Source data:
'''
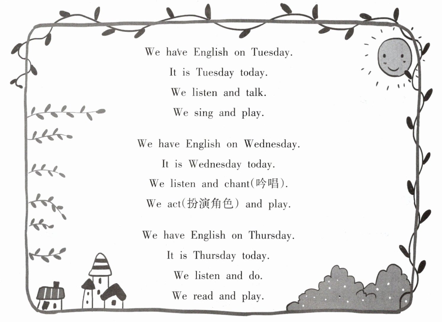 二、Read and circle. Sally在英语课上朗诵了一首英文歌谣。请你读一读,圈出以字母组合ay结尾的单词。(同一单词只圈一次)
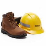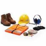 Comprehensive personal protective equipment kit including helmet, gloves, goggles, reflective vest, and boots for construction safety.
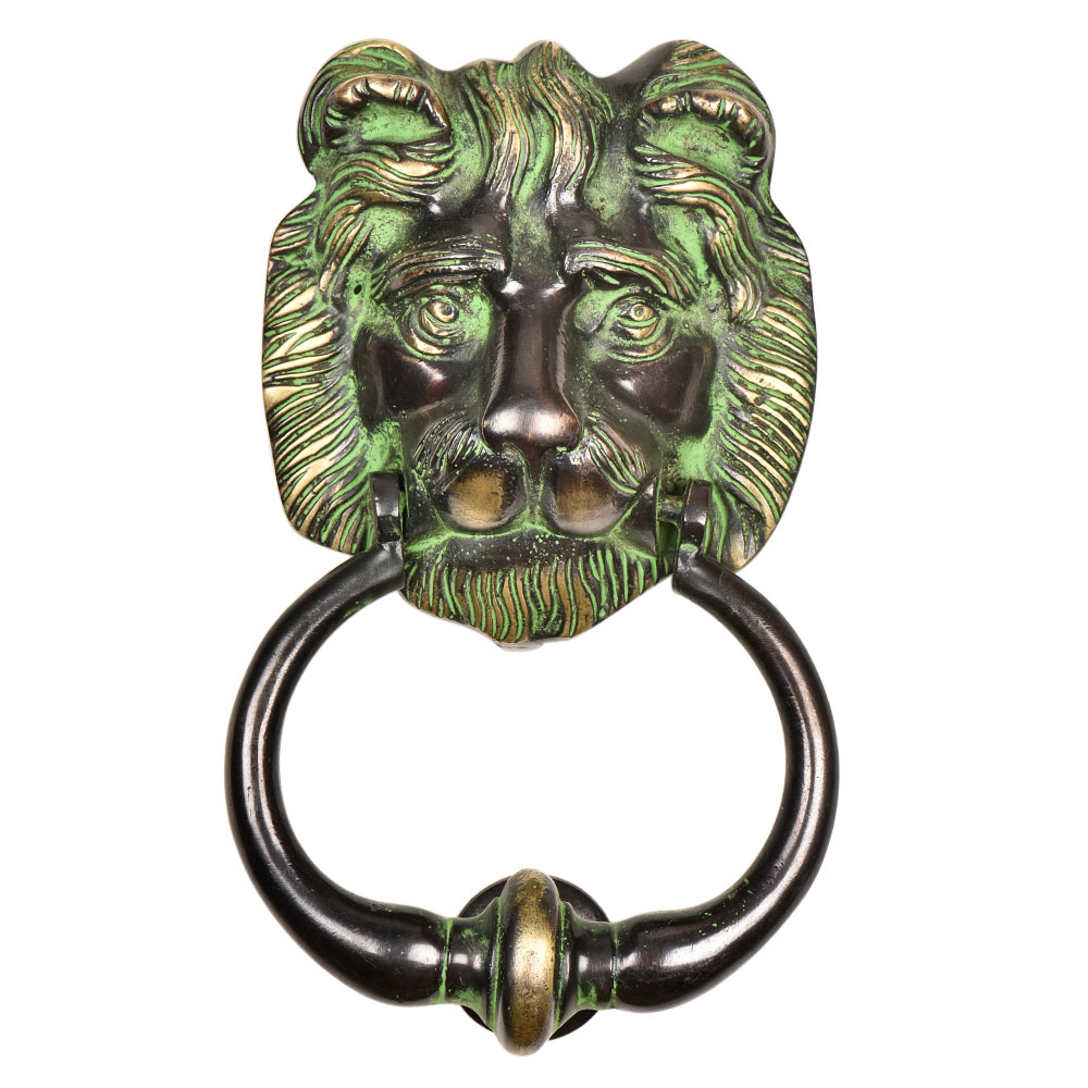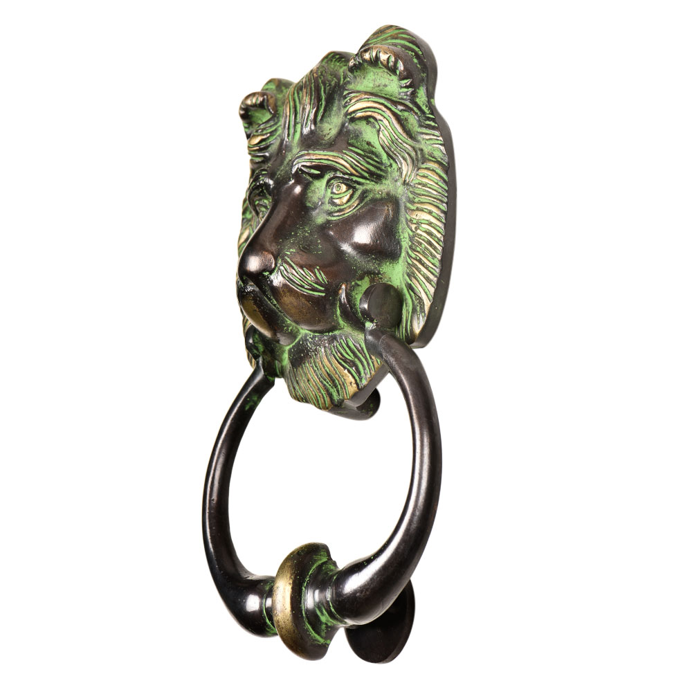 Bring the inviting warmth of nature to your front door with the addition of the lion Head door knocker. Made of solid brass, this door knocker includes matching mounting hardware and striking plate. Lion door knockers is an ideal decorative accent for a front entryway and is a great way for stylishly announcing a visitor.Comes with a rich patina.
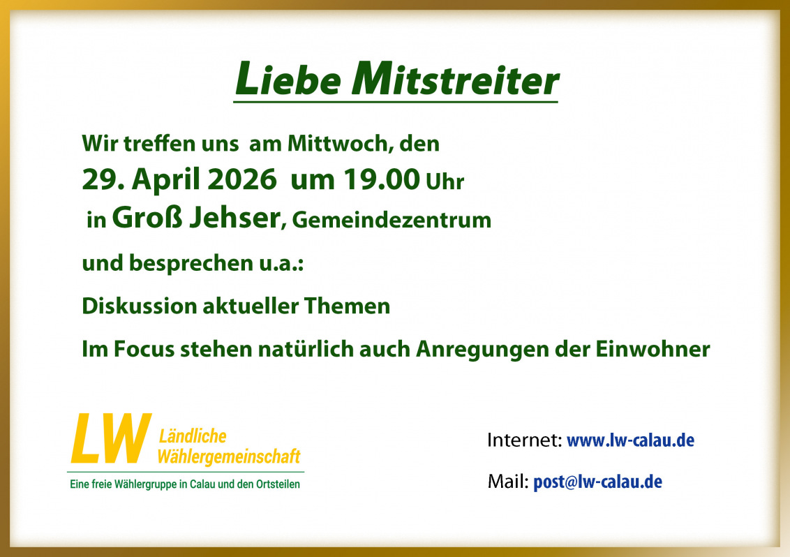 Wir freuen uns über Ihr Interesse und möchten Ihnen auf den nächsten Seiten unsere Ziele vorstellen. Hier finden Sie auch unsere Kandidaten für die Kommunalwahl 2024. Entspricht unser Programm Ihren Vorstellungen? Für Anregungen oder Interesse an einer Mitarbeit in unserer Gemeinschaft, kontaktieren Sie uns bitte.
'''
Task goal:
Output each line exactly as shown above; no pictures go in the copy.

Exercise answer:
 二、Read and circle. Sally在英语课上朗诵了一首英文歌谣。请你读一读,圈出以字母组合ay结尾的单词。(同一单词只圈一次)
 Comprehensive personal protective equipment kit including helmet, gloves, goggles, reflective vest, and boots for construction safety.
 Bring the inviting warmth of nature to your front door with the addition of the lion Head door knocker. Made of solid brass, this door knocker includes matching mounting hardware and striking plate. Lion door knockers is an ideal decorative accent for a front entryway and is a great way for stylishly announcing a visitor.Comes with a rich patina.
 Wir freuen uns über Ihr Interesse und möchten Ihnen auf den nächsten Seiten unsere Ziele vorstellen. Hier finden Sie auch unsere Kandidaten für die Kommunalwahl 2024. Entspricht unser Programm Ihren Vorstellungen? Für Anregungen oder Interesse an einer Mitarbeit in unserer Gemeinschaft, kontaktieren Sie uns bitte.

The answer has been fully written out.